Exercise materials.
------------------------------------------------------------------------

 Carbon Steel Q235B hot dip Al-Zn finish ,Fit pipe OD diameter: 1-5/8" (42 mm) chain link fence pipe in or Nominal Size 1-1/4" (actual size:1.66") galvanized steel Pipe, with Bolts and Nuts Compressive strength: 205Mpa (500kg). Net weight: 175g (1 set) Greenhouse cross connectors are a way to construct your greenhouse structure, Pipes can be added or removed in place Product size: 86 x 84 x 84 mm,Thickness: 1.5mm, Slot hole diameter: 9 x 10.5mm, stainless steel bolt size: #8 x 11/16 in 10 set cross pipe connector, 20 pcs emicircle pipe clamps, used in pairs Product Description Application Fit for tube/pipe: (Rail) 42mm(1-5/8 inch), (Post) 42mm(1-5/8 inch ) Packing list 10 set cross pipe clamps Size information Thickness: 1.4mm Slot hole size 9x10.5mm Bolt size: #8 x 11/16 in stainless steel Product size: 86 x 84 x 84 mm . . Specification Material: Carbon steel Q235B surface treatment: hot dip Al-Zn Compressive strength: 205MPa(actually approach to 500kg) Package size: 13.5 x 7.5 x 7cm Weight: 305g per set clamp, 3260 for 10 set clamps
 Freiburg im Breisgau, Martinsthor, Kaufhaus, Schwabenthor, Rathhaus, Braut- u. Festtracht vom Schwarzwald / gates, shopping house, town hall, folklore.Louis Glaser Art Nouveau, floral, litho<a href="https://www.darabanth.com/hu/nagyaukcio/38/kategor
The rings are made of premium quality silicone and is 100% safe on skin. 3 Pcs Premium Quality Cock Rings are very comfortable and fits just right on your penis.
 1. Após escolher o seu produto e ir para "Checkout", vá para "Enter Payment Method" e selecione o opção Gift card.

------------------------------------------------------------------------

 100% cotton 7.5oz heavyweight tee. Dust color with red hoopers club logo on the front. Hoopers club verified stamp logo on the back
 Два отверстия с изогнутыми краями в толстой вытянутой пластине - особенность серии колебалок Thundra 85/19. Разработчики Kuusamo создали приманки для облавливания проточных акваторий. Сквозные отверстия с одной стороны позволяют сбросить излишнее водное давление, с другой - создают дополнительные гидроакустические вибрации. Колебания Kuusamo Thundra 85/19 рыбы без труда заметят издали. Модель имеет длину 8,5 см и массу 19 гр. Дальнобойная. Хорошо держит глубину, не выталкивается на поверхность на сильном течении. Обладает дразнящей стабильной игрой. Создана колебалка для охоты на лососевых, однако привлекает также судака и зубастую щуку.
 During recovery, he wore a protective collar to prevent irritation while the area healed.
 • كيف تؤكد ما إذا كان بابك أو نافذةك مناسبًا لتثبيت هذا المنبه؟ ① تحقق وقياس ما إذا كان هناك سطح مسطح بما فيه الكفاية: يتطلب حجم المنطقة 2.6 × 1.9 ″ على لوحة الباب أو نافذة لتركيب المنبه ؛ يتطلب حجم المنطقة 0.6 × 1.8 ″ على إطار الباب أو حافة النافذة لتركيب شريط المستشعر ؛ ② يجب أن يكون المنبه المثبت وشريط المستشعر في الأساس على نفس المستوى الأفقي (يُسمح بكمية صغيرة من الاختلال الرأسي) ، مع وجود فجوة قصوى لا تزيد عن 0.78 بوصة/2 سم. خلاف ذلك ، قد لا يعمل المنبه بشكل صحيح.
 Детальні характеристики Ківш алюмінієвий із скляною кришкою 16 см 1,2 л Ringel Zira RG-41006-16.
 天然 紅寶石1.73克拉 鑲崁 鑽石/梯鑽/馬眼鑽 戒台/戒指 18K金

------------------------------------------------------------------------

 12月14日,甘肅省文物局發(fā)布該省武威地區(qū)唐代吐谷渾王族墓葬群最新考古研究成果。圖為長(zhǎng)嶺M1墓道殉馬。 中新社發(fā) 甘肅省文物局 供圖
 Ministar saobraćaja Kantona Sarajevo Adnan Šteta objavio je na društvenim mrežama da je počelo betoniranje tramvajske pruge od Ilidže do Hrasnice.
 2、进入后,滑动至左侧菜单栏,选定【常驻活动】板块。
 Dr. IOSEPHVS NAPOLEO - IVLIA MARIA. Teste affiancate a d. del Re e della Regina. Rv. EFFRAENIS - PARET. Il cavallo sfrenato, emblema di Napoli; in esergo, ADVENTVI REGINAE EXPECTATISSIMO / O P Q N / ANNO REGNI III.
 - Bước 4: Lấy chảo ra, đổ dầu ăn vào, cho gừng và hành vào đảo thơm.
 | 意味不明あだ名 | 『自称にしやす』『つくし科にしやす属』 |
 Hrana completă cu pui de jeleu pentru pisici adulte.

------------------------------------------------------------------------

What the exercise asks. In the listing above, find the line containing "During recovery, he" and the line containing "天然 紅寶石1.73克拉 鑲崁 鑽石/梯鑽/馬眼鑽 戒台/戒指 18K金", then retype both and every line between them exactly, with nothing else.

Task solution.
 During recovery, he wore a protective collar to prevent irritation while the area healed.
 • كيف تؤكد ما إذا كان بابك أو نافذةك مناسبًا لتثبيت هذا المنبه؟ ① تحقق وقياس ما إذا كان هناك سطح مسطح بما فيه الكفاية: يتطلب حجم المنطقة 2.6 × 1.9 ″ على لوحة الباب أو نافذة لتركيب المنبه ؛ يتطلب حجم المنطقة 0.6 × 1.8 ″ على إطار الباب أو حافة النافذة لتركيب شريط المستشعر ؛ ② يجب أن يكون المنبه المثبت وشريط المستشعر في الأساس على نفس المستوى الأفقي (يُسمح بكمية صغيرة من الاختلال الرأسي) ، مع وجود فجوة قصوى لا تزيد عن 0.78 بوصة/2 سم. خلاف ذلك ، قد لا يعمل المنبه بشكل صحيح.
 Детальні характеристики Ківш алюмінієвий із скляною кришкою 16 см 1,2 л Ringel Zira RG-41006-16.
 天然 紅寶石1.73克拉 鑲崁 鑽石/梯鑽/馬眼鑽 戒台/戒指 18K金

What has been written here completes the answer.